A “segment” of an SOP can be a single question or task that is set by an interviewer in a clinical assessment. In some cases, a segment in an SOP could also be a group of questions related to a single clinical topic.

Taking the specific example of the method 200, the SOP 202 for administering a clinical assessment can include several distinct segments aimed at assessing different aspects of the patient's condition. Each segment can include several interviewer questions or tasks, or may be limited to a single question or task. A clinician may be able to provide an overall rating for each segment, as well as individual ratings for each question or task in the segment. Following this approach, the method 200 can be performed repeatedly to produce a transcript over several iterations. In each iteration, a part of the transcript 212 corresponding to a specific segment is output by the generative ML model 208, based on inputs comprising a corresponding segment of the SOP 202 and a corresponding segment of the input audio speech data 210. This can produce a more or equally accurate transcript compared to performing the method 200 in a single iteration, while ensuring the inputs to the generative ML model 208 can fit within a maximum context data limit. It would be appreciated that the methods 300-600 can be performed iteratively using pre-segmented input data in the same way. The method 700 may not require pre-processing in this manner, since it already functions iteratively in a streaming loop.

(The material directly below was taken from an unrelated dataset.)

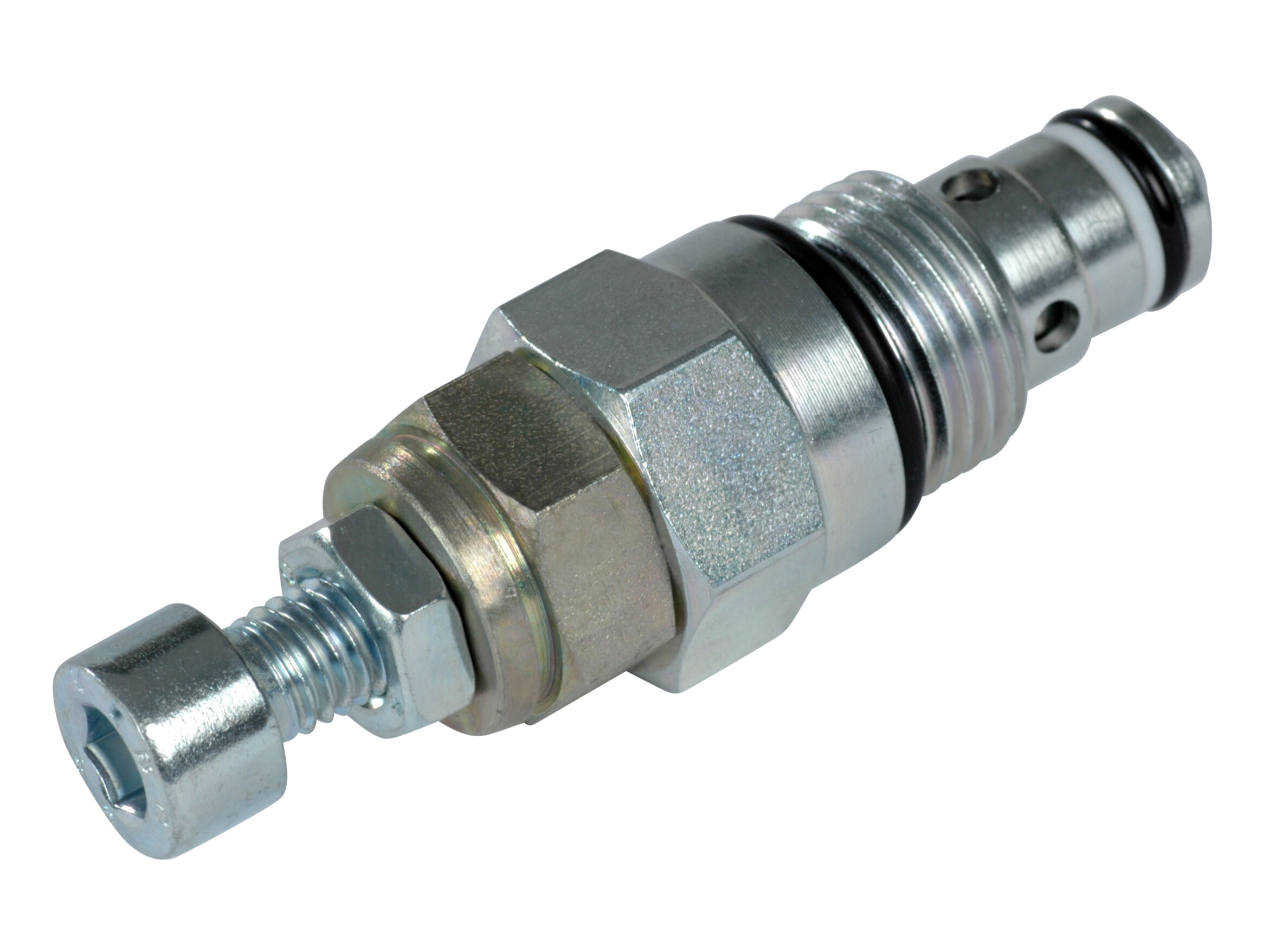 RV08-DR, Aflastningsventil, Direkte Virkende, Poppet Type med Dæmpning Dette er en direkte virkende, poppet-type aflastningsventil, der aflaster fra port 1 til 2. Den har en stærkt dæmpet poppet for en jævn og stabil respons. Den kan bruges som en omkostningseffektiv hovedaflastning eller til at beskytte en aktuator mod overtryk.

Manually separating input data into segments corresponding to SOP segments is time consuming. Therefore, a computer-implemented method is needed for performing this process. One challenge with performing this pre-segmentation in an automated manner is that clinical interviews in practice tend to progress through a corresponding SOP non-linearly. This makes it difficult to partition any data recorded during the interview neatly into portions that match the SOP. A further complication is that irrelevant dialogue (“chit chat”) can occur during or between tasks. The method 800 below seeks to address these issues.

FIG. 8 shows a method 800 for splitting data from a clinical assessment into segments following the structure of a template (e.g., SOP) for administering the clinical assessment according to an embodiment of the invention.

The method 800 can be used as a pre-processing step for SOPs and data recordings from a clinical assessment that are to be used as inputs to a machine learning model in any of the methods described previously. The method 800 can be performed by the segmentation module 122 or by another module of the computer 10 specifically adapted for pre-processing assessment data.

In step S802, SOP segments 802 are optionally provided as an input to an SOP segment representation algorithm 804.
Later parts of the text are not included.